TASK DETAILS :: Quote the material exactly from the line that contains "トルコのレース編み「オヤ」ネックレス すずらん ベージュ" through its last line. Any pictures are to be left out.

MATERIAL PROVIDED ::

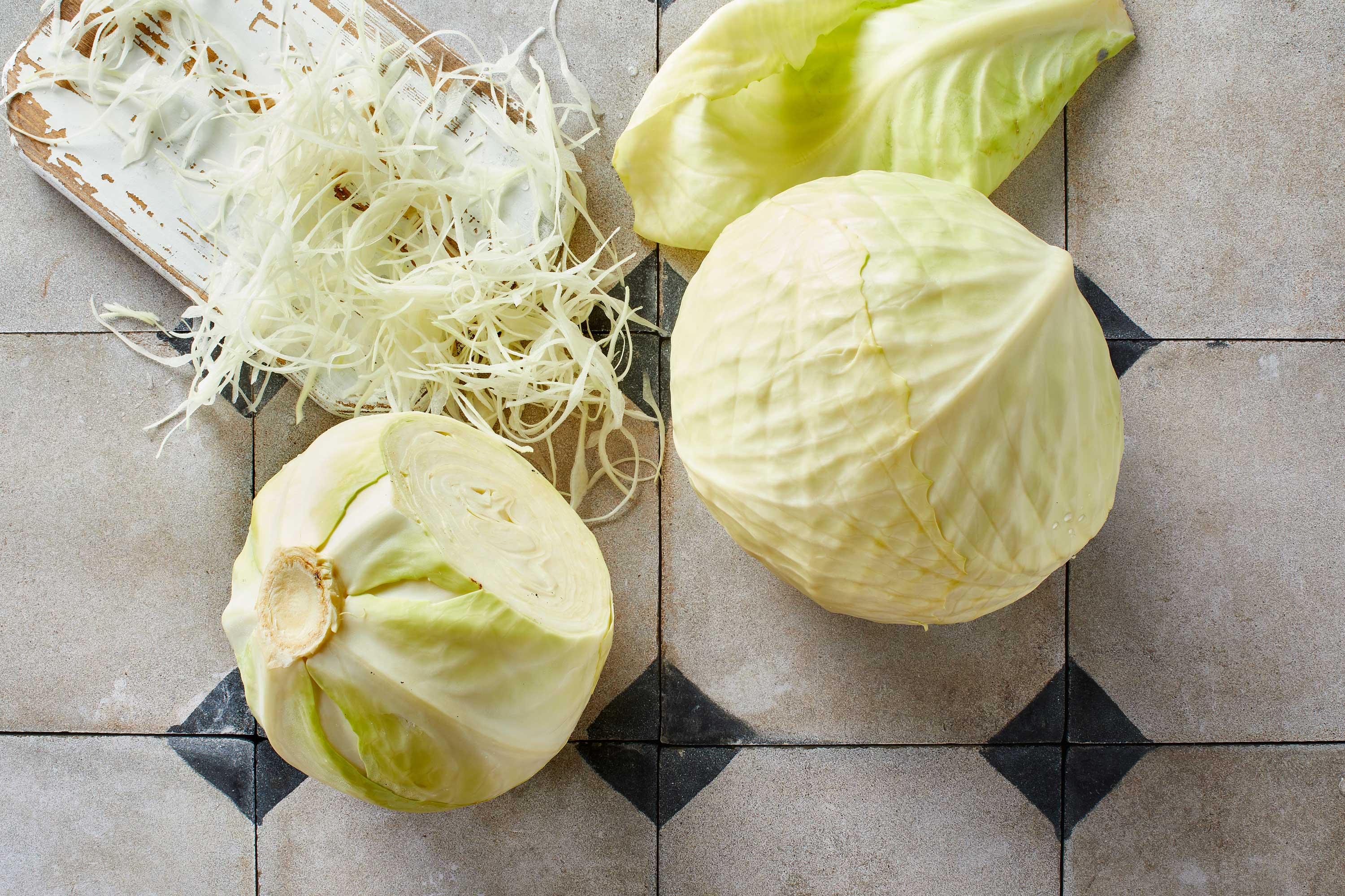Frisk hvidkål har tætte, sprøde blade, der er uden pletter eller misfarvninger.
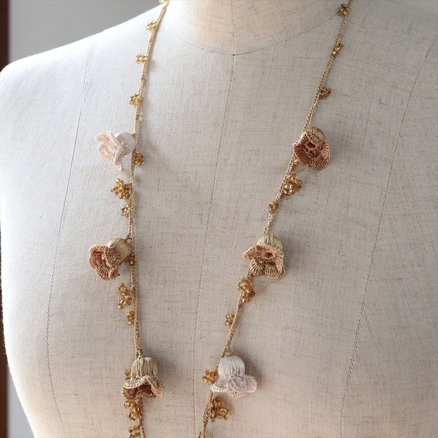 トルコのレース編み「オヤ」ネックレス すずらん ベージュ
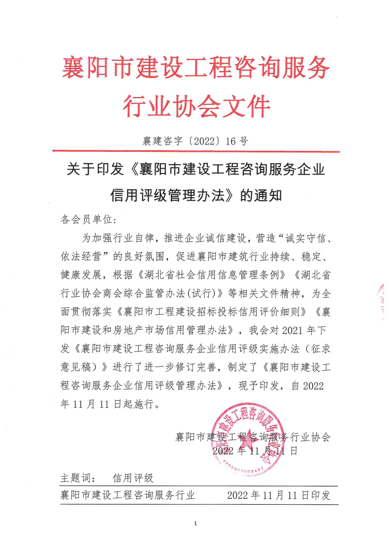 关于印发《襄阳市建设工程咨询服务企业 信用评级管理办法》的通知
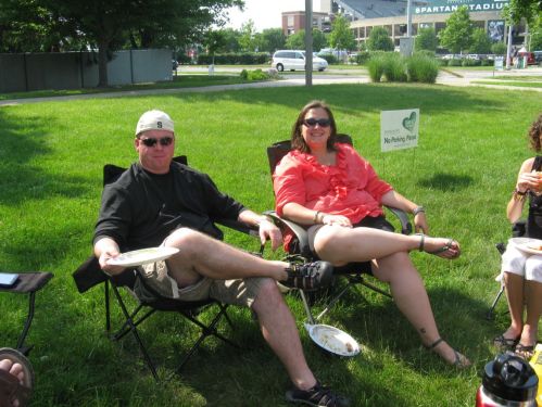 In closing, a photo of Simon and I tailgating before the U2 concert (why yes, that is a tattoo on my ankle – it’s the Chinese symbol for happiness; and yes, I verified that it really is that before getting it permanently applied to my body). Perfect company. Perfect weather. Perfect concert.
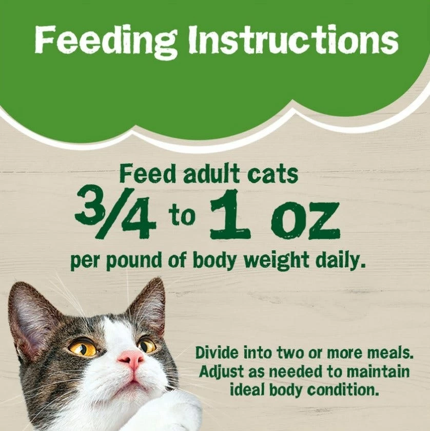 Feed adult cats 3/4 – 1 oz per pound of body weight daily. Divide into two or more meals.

YOUR SOLUTION ::
 トルコのレース編み「オヤ」ネックレス すずらん ベージュ
 关于印发《襄阳市建设工程咨询服务企业 信用评级管理办法》的通知
 In closing, a photo of Simon and I tailgating before the U2 concert (why yes, that is a tattoo on my ankle – it’s the Chinese symbol for happiness; and yes, I verified that it really is that before getting it permanently applied to my body). Perfect company. Perfect weather. Perfect concert.
 Feed adult cats 3/4 – 1 oz per pound of body weight daily. Divide into two or more meals.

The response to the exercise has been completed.